Senate Republicans plus one Democrat - Ben Nelson of Nebraska - voted against the motion. Democrats, who control 59 votes in the 100-member Senate, need at least 60 votes to move the bill to a full vote, meaning they'll likely need to make changes to the bill to attract at least two more votes.
The White House mocked Republicans for clinging to the status quo - a regulatory regime that failed to avert the 2008 financial crisis and a wave of costly bank failures.
"Let's be clear about the consequences of not moving this proposal forward," White House spokesman Robert Gibbs told reporters. "The same rules of the road that got us into this mess, the same rules of the road that let banks and financial institutions make their own decisions, they're still the rules of the road."
Mr. Gibbs added that the "time for delay on this has passed."
But Republicans said they are preparing their own version of Wall Street reforms in the coming days.
All this guarantees that the final contours of the legislation could remain in flux for a while.
Several key provisions remain in dispute. Senate Democrats continue to try to find common ground with Republicans on several items, including a proposed bank-funded $50-billion (U.S.) reserve to pay for future bailouts, tough new restrictions on trading in financial derivatives and the powers of a newly created consumer regulator.

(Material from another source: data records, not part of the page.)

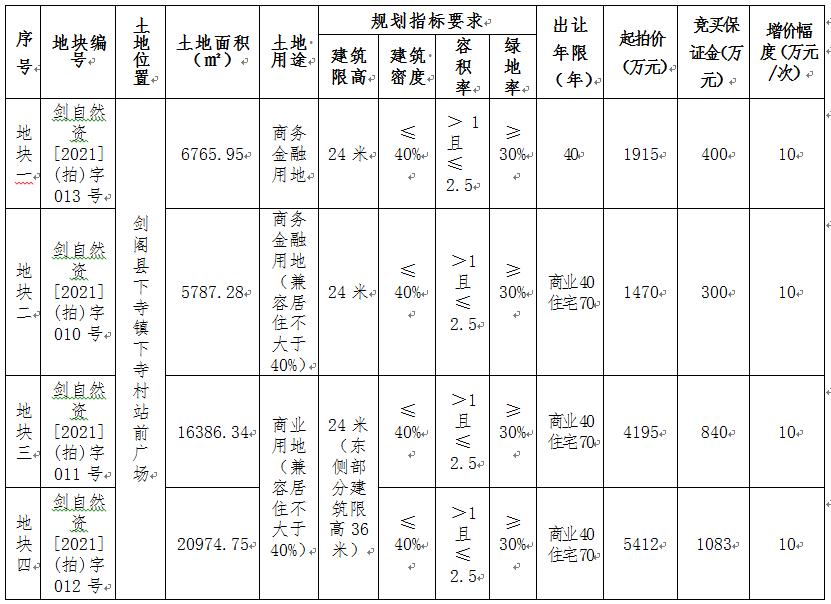 四、本次拍賣出讓的詳細(xì)資料和具體要求,詳見拍賣出讓文件。申請人可于2021年11月23日至2021年12月8日到劍閣縣自然資源儲備交易中心獲取拍賣出讓文件。
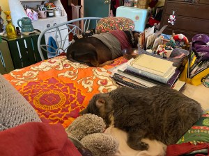 As always though, despite this flare, as I sit here having some red beans and rice for breakfast writing to you, I’m snoodled up with the world’s best weenie dog and the world’s most handsome grey feline, our precious daughter is resting in the other room with our grandpup, and my amazing better half just said goodbye for work. All of our family is safe from the storms. There is much to be thankful for. ❤
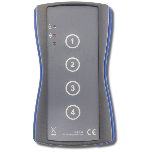 The SVS Telecommunications remote control SHT-12 BS offers a maximum range of 1000 metres in open fields and operates at 4.5 V. This device is a 4-channel remote designed to provide reliable long-distance control. It's typically used in applications requiring secure and efficient wireless communication.
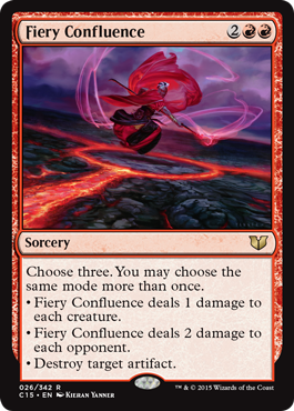 Bonito Command! Esta vez con tres opciones, y la opción de repetir (esto último es interesante). Se puede elegir 1 daño a todos los bichos (para hasta 3), 2 daños a todos los oponentes (para hasta 6 - Auch!), o cargarse un artefacto. Éste puede tener potencial para juego competitivo en Legacy, pero el coste de 4 no es demasiado manejable, y realmente para lo que querrás usarlo será para matar criaturas, siendo difícil que se juegue en lugar del Wrath of the Gods, el Firespout o cualquiera de los demás trucos por tres manás.
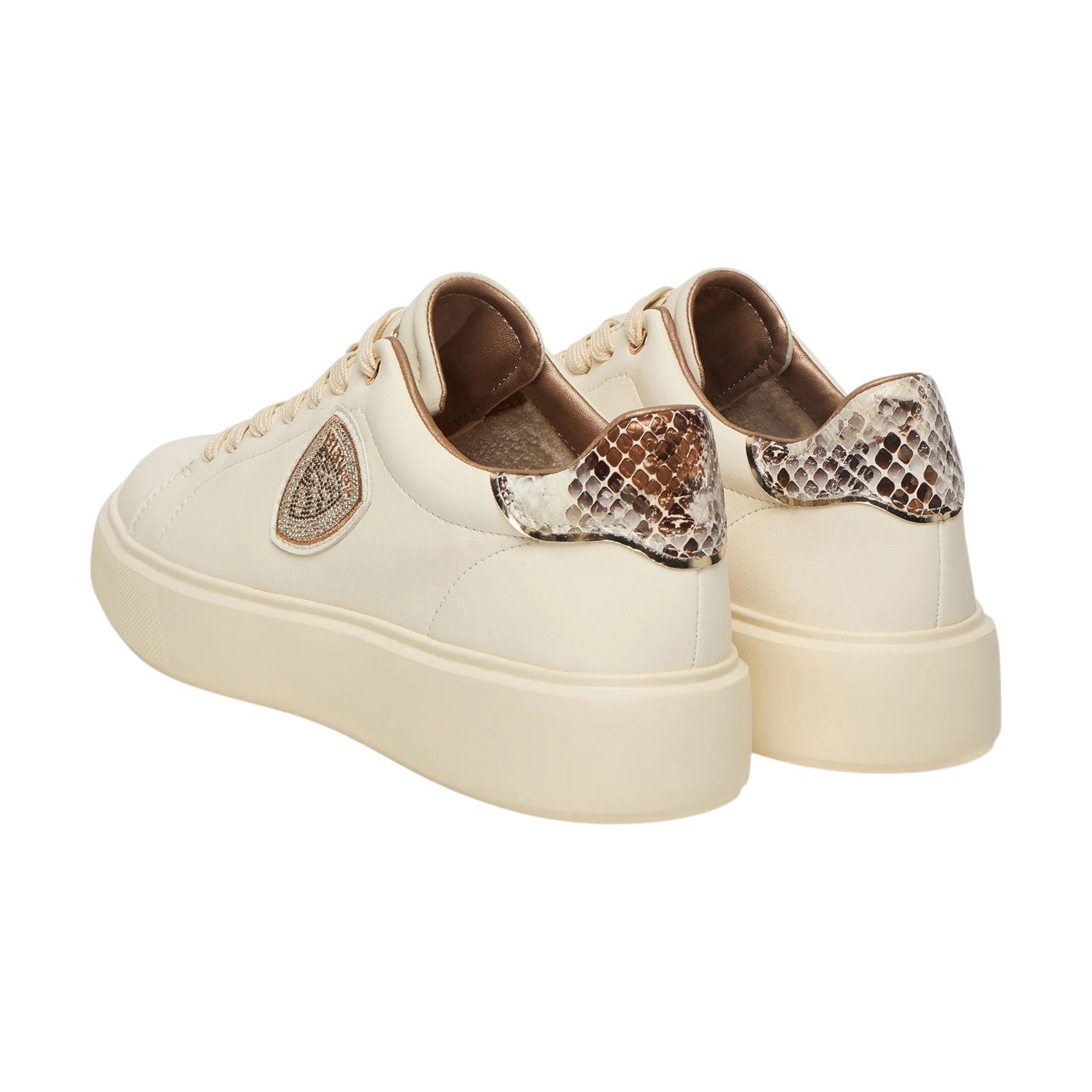 Blauer Sneakers Donna in Pelle Beige Pitone
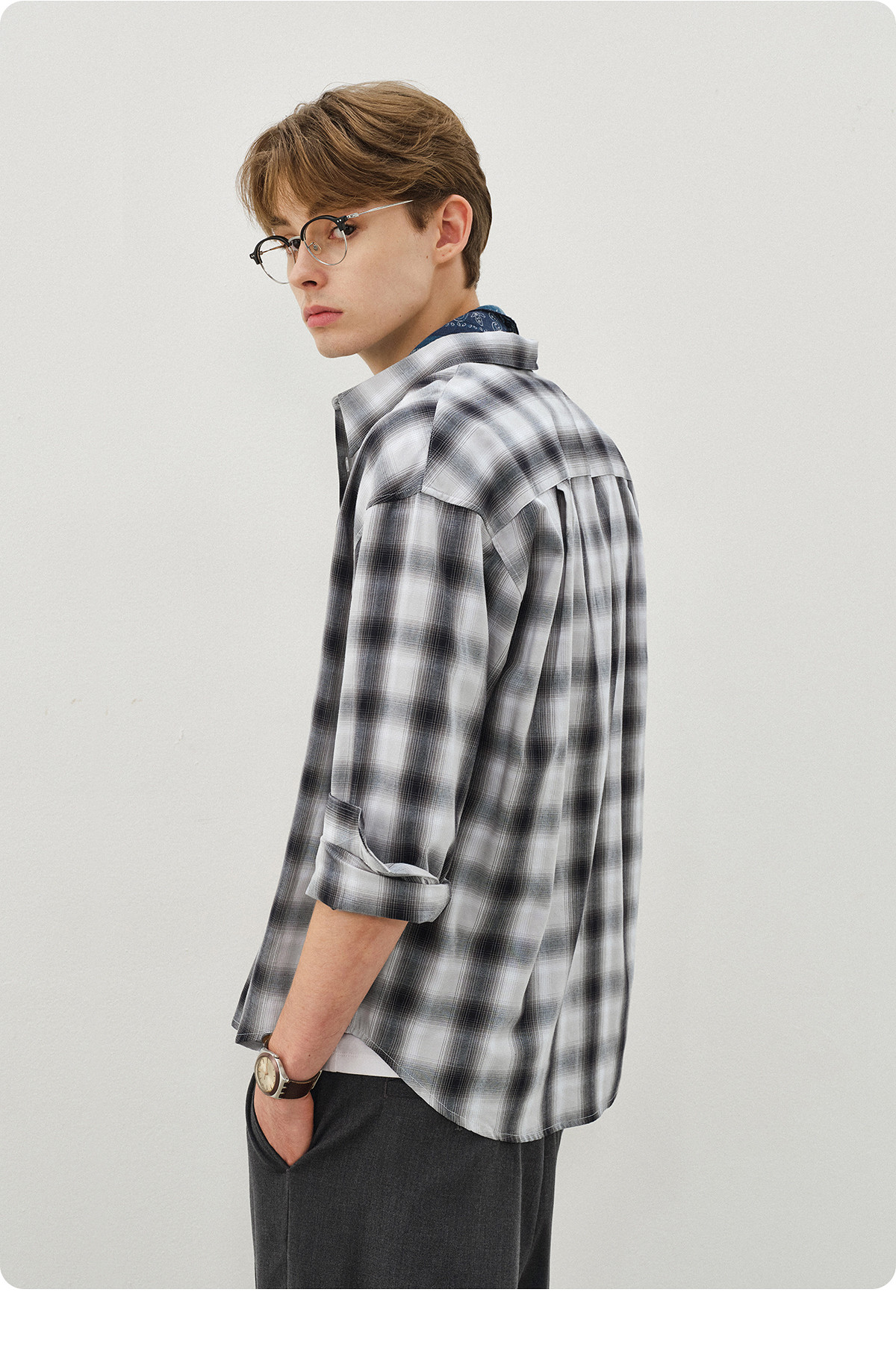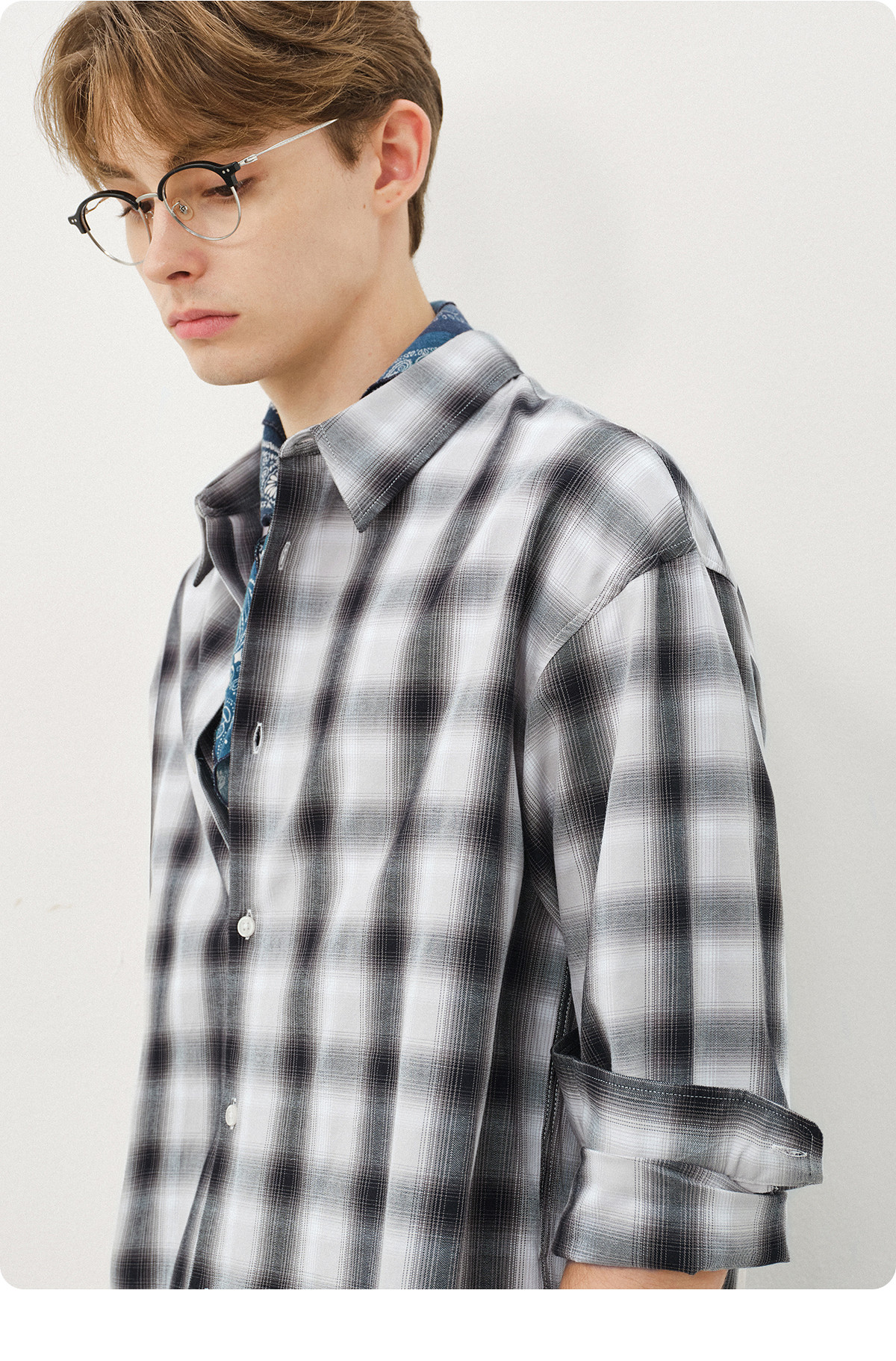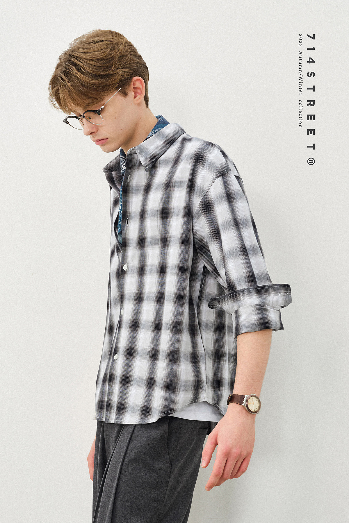 714street复古渐变格子衬衫男2025秋季宽松纯棉情侣长袖衬衣外套
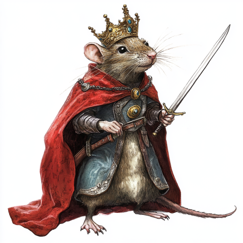 illustration of the rat king from the nutcracker, he is wearing a crown, red cloak and wielding a sword, scandinavian style, isolated on a white background, art style of beatrix potter
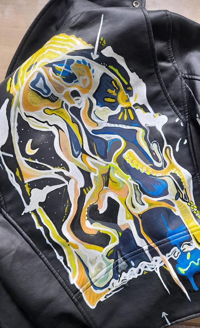 An Uvawrld archway piece hand painted on an cruelty-free biker jacket. One of many architecturally inspired pieces captured on a wearable canvas.
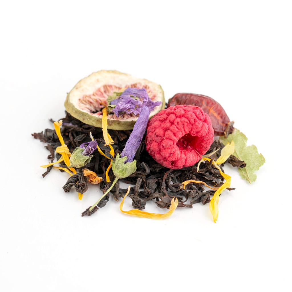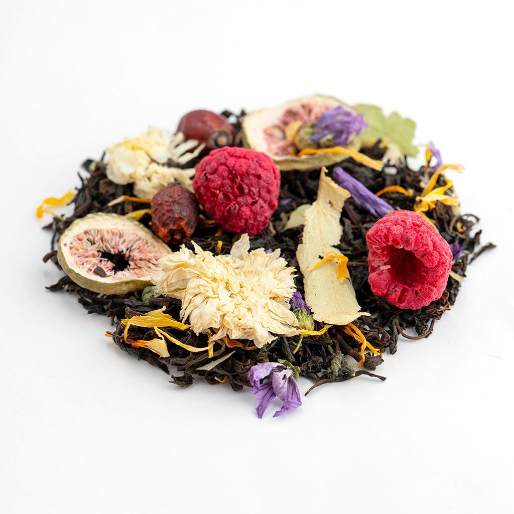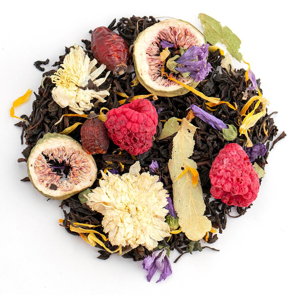 Состав: чай черный индийский, плоды шиповника, ягоды малины, слайсы инжира, липа, хризантема, цветы мальвы, лепестки календулы, аромат фруктового сада.
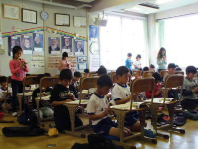昨年度からイングリッシュルームで英語活動を行っています。英語指導教員を中心として、大きな声で『I am hungry』などと発声していました。

"Financial reform has many moving parts and not all of it will work out as intended," pointed out Mark Zandi, chief economist at Moody's Economy.com in West Chester, Pa.
Given the scope of the problem exposed by the financial crisis, he said Congress is making "a healthy start."
So far, the Obama administration and Congressional Democrats are taking a hard line on financial derivatives - investments, such as futures, that are based on the value of another asset.
The current bill would force deposit-taking banks to spin off their derivatives operations. But Republicans and much of the financial services industry is fighting the measure.
In a statement issued Monday, the White House warned senators not to add loopholes that would weaken consumer and investor protections. And it urged the Senate to "resist pressure from those who would preserve the status quo and to stand up for long overdue reform that will protect American families and the long-term health of the Nation's economy."